━━━━━ Information supplied
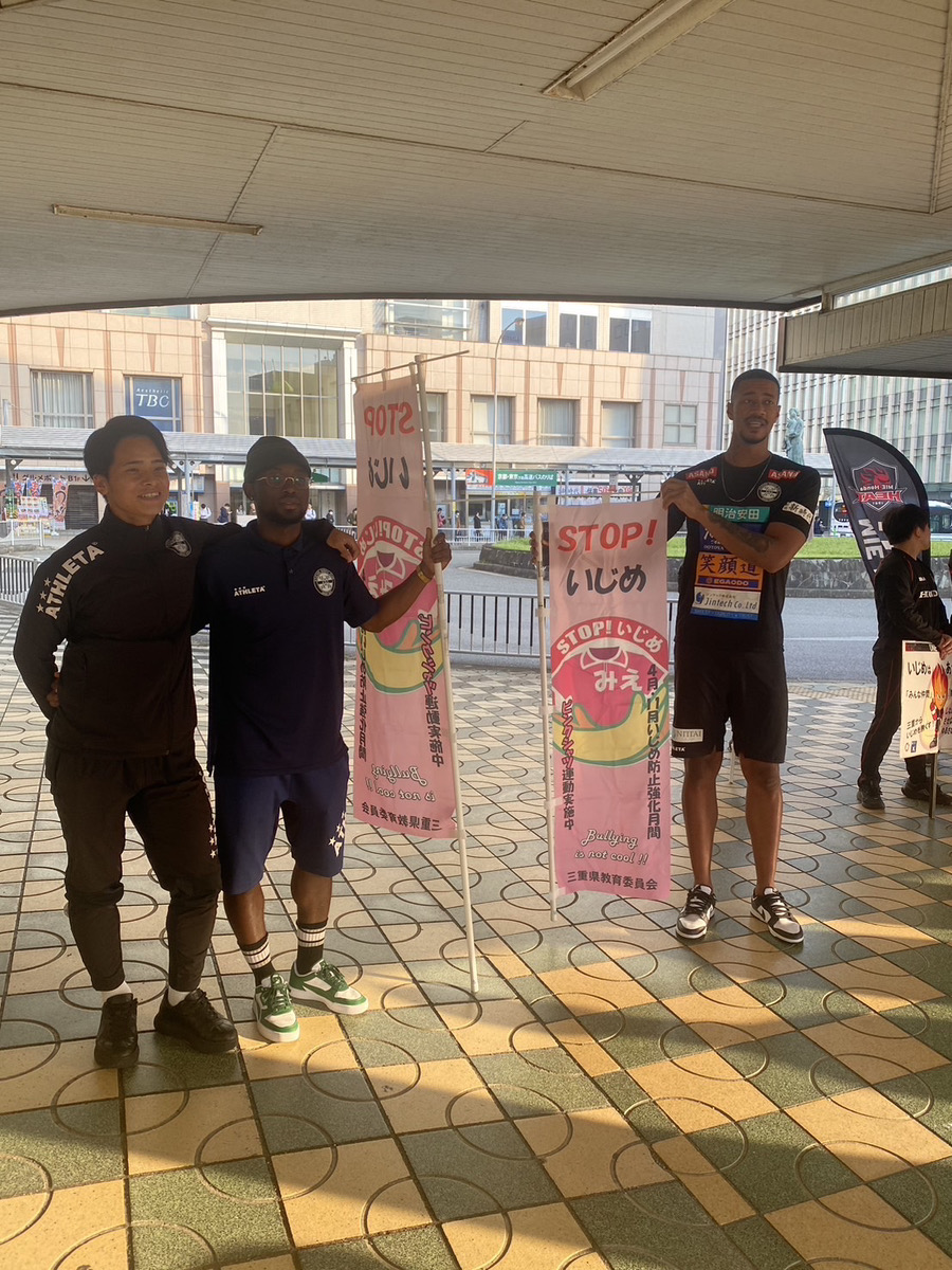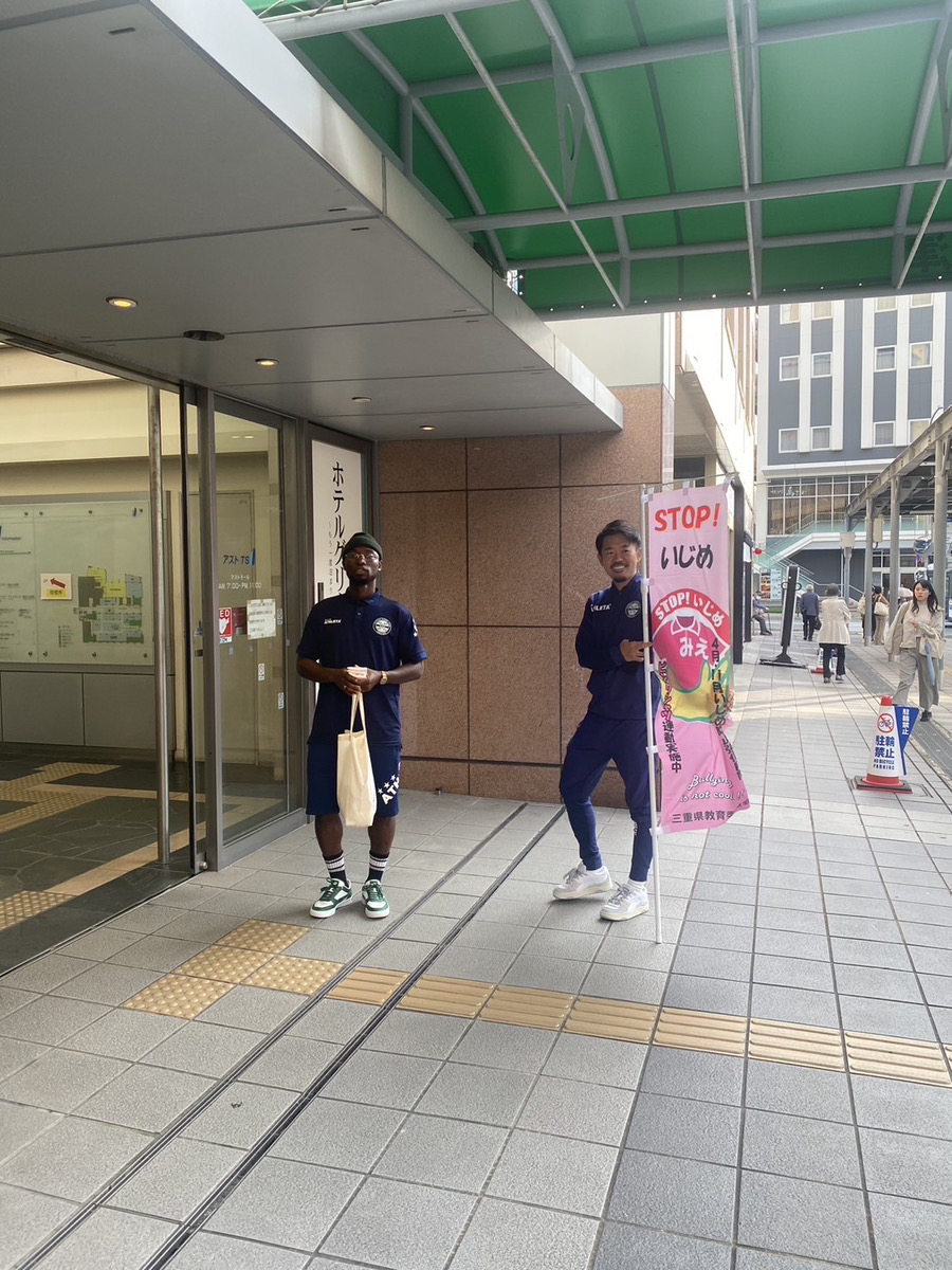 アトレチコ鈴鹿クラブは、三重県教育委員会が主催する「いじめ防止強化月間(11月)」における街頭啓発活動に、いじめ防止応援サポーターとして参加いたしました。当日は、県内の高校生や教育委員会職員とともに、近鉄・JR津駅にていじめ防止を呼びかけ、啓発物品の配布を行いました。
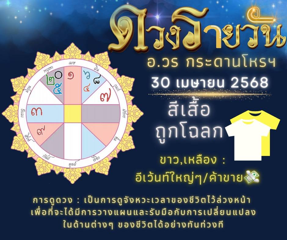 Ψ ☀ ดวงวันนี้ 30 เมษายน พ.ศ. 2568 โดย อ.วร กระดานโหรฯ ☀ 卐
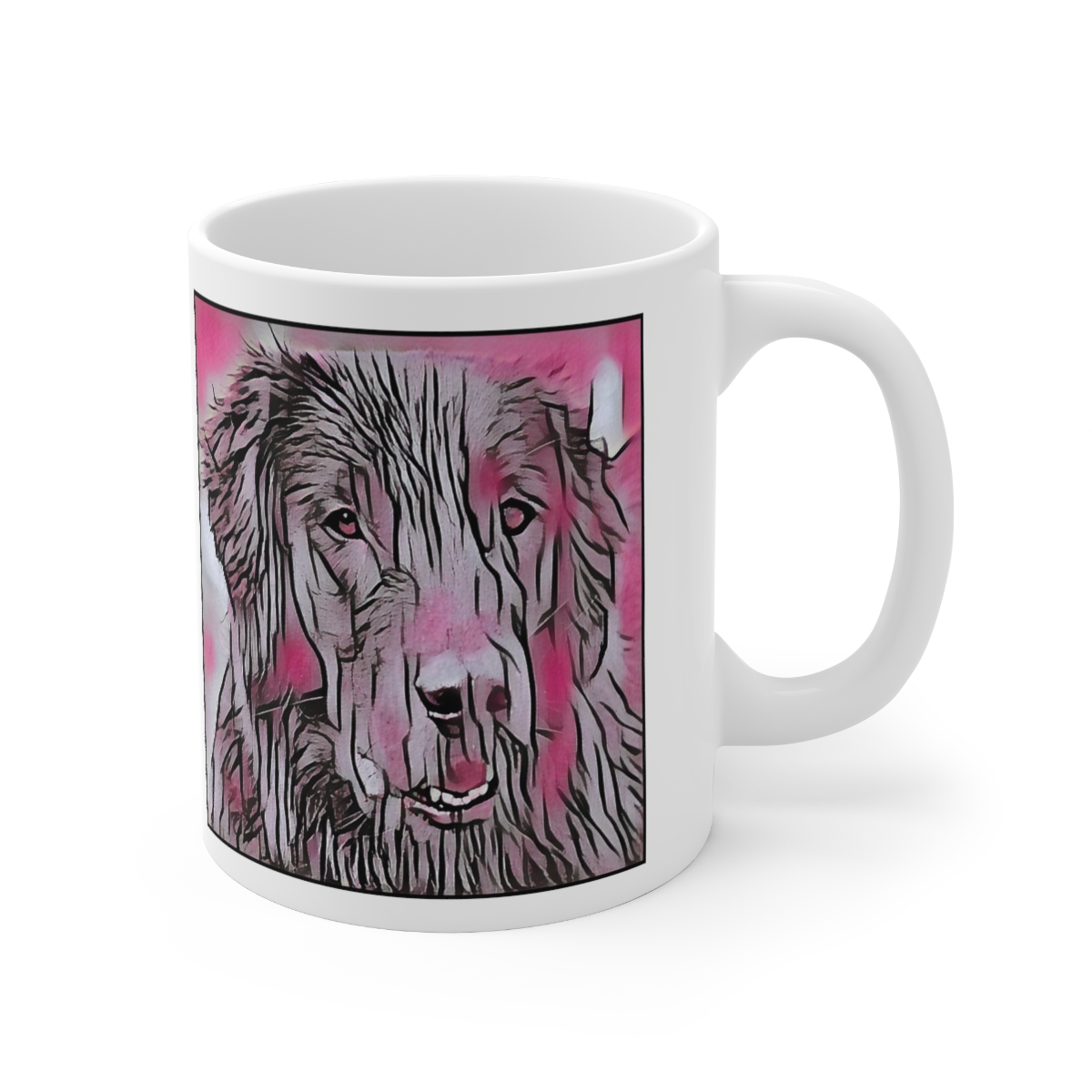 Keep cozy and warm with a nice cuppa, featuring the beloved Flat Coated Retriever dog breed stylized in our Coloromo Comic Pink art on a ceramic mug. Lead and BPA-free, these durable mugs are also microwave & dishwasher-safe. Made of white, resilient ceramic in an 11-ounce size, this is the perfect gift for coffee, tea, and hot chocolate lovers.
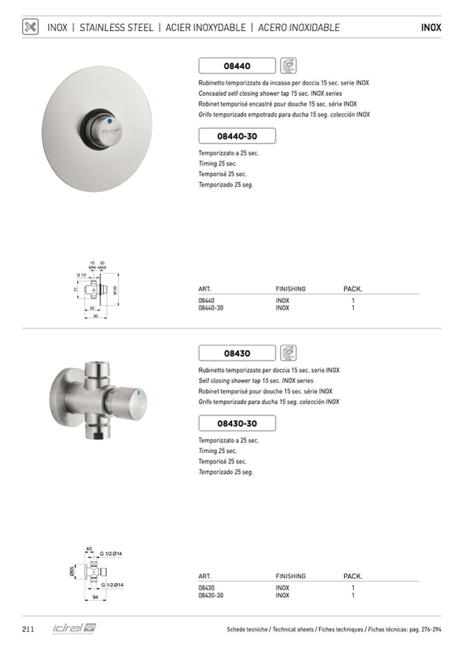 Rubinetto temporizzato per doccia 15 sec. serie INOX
━━━━━━━━━━
* **What to produce**:
From the line holding "Ψ ☀ ดวงวันนี้" through the last line of the material above, each line should be written out exactly, both included; omit the pictures.

* **Response box**:
 Ψ ☀ ดวงวันนี้ 30 เมษายน พ.ศ. 2568 โดย อ.วร กระดานโหรฯ ☀ 卐
 Keep cozy and warm with a nice cuppa, featuring the beloved Flat Coated Retriever dog breed stylized in our Coloromo Comic Pink art on a ceramic mug. Lead and BPA-free, these durable mugs are also microwave & dishwasher-safe. Made of white, resilient ceramic in an 11-ounce size, this is the perfect gift for coffee, tea, and hot chocolate lovers.
 Rubinetto temporizzato per doccia 15 sec. serie INOX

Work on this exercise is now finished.